Abstracts

Dravet syndrome is one of the most severe and medically intractable forms of childhood epilepsy. Stiripentol (STP) has been shown to have a unique efficacy in this syndrome. The manufacturer of STP had provided this medication as [quot]compassionate release[quot], however effective February 2004, families have been required to cover the costs for this medication. Third party insurance will not cover these costs, as this medication is available only through the Special Access Programme of Health Canada. This study compares the medical costs in children with Dravet syndrome, pre and post STP initiation. The medical costs of all four children (aged 18 mos to 11 yrs 11 mo) with Dravet syndrome followed in the Refractory Epilepsy clinic at the Alberta Childrens Hospital who were treated with STP were assessed over three time periods:
1. Pre-treatment: the year preceding STP initiation (or in children commencing STP prior to 1 year after seizure onset, the time from seizure onset to STP initiation)
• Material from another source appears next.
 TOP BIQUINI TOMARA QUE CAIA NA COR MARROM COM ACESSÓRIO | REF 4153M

2. Titration: the month following initiation during which titration to therapeutic dose was achieved
3. Post-treatment: the first year following the Titration period (or in children who have not yet been treated for a one year period, the total duration of follow-up available).
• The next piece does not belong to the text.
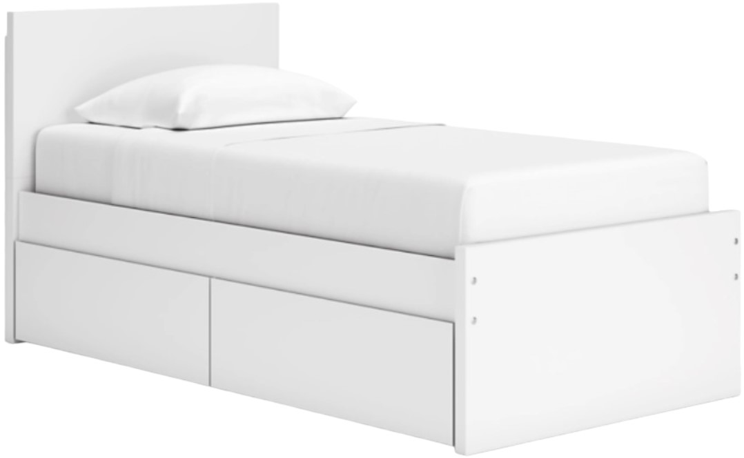 Includes headboard, panels, rails, roll slats and 2 side storage drawers

Costs assessed included hospitalization and clinic fees, ER visits, ambulance/EMS costs and physician billings, but medication costs were excluded. Families also completed a QOLCE for the pre and post-treatment periods.
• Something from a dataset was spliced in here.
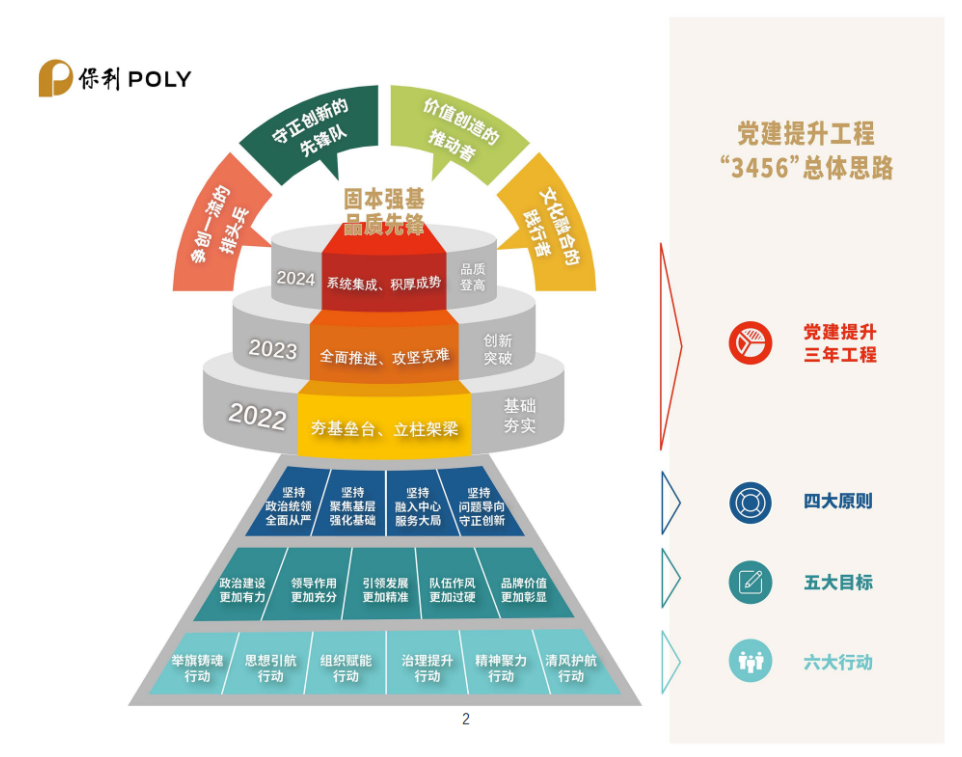 编者按:12月22日,保利集团在京召开学习贯彻党的十九届六中全会精神暨2022年度党建工作会,会上正式发布了《保利集团“固本强基、品质先锋”党建提升工程三年(2022-2024年)行动方案》(以下简称“《方案》”)。为贯彻落实《方案》,保利中轻迅速组织传达学习,并特别策划《党建提升 保利中轻在行动》专题,计划持续定期报道保利中轻贯彻落实情况,旨在带领全体干部员工一同认真学习、深刻领会,切实落实《方案》要求,突出抓基层强基础,推动党建工作提质增效、迈上新台阶,以高质量党建引领保障保利中轻高质量发展,为保利集团建设世界一流,追求卓越,贡献中轻力量。今天第一期,一起来学《方案》的主要内容。

The mean monthly medical costs for the Pre-treatment and Post-treatment periods were calculated for each patient. All 4 children showed a significant reduction in seizure frequency on STP (with benzodiazepine). Three of the four children have been treated with STP for at least one year, while the fourth has only completed 2 months of the Post-treatment period to date. The average monthly medical cost was lower post-treatment (mean of $93, range $40-160) compared to pre-treatment (mean of $2573, range $215-8415). Cost reduction was most dramatic in the 3 younger patients (ages 18 mos - 4 yrs 2 mos at initiation, range $516-8375 per month) than in the older child (11 yrs 11 mos at initiation, $55 per month). QOLCE markedly improved in 3 of 4 cases. The savings in medical costs by far exceeded the actual cost of STP (mean $135/mo, range $75-300). STP initiation was associated with a reduction in medical costs for all 4 children with Dravet syndrome, but the reduction appeared most significant for younger patients. This medication is clearly cost-effective and should be initiated early on after the clinical diagnosis of Dravet syndrome is made. In a publically funded health-care system, funding should be obtained for families who are financially unable to afford STP.